Yes, Trump attracts fierce criticism due to his (let’s be honest here) frequently impulsive policy proclamations, and for his uniquely insensitive (if hilarious) off-the-cuff remarks. It’s totally fair game to be mad about starting a war in Iran or cutting foreign aid, or to be upset about him insulting an ally or charismatic minority. It’s understandable, if dumb, to watch partisans reflexively oppose even reasonable policies he proposes without thinking through the details. But this is something else. The man can’t even paint the bottom of a pool without people losing their minds.
As for me, I want off the ride. I never want to hear about the Lincoln reflecting pool again as long as I live. Its domination of the news cycle for this long reflects a profound sickness in American culture and especially in our media. The obsessive coverage it has received, and the enthusiastic participation of our ordinary countrymen in spreading these partisan narratives and counter-narratives, can only be characterized as a kind of mental illness, a monomania rivaling Ahab’s.

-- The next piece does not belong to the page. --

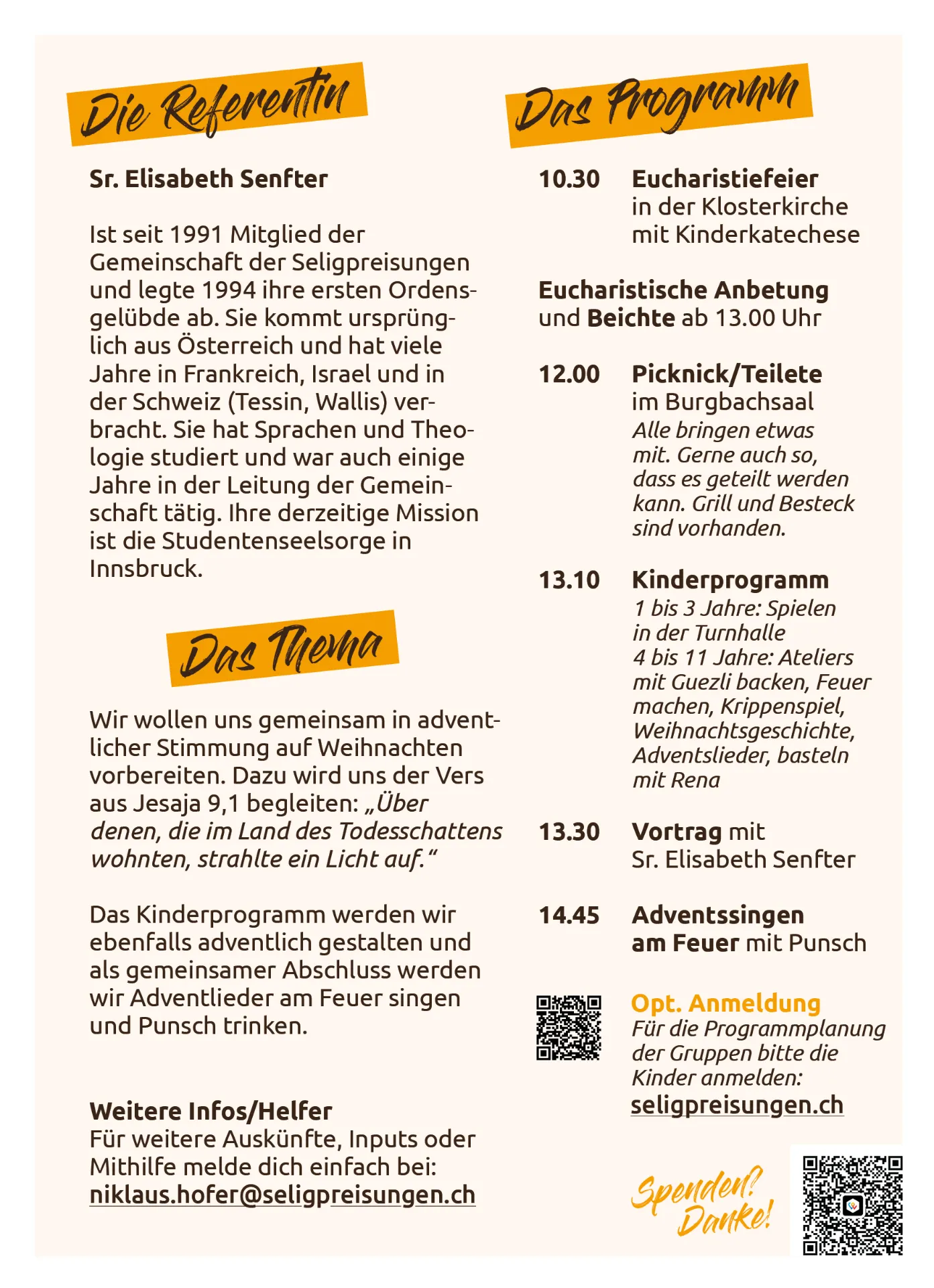 Dieser Anlass steht offen für alle Generationen. Eine Anmeldung ist nicht notwendig, hilft uns aber für die Vorbereitung, insbesondere für die Organisation der Kinderbetreuung. Wichtig! Du darfst kommen und gehen, wie du möchtest und stellst dein eigenes Tagesprogramm zusammen.

As a nation, we should feel deeply ashamed of the vapidity of this discourse, as well as of the effete, contemptuous elite pushing it onto us.
Shut up about the stupid pool.
The butt-hurt liberals are my people and I love them, I won’t apologize for being their friends.




This reminds me of the nonstop commentary when George Bush puked in Japan after some bad fish. Round the clock coverage. This is worse though, since it's so banal one can't even laugh at it.
Great post. TDS is so off the charts. I value every second that I spend not hearing about the president. These are usually spent alone.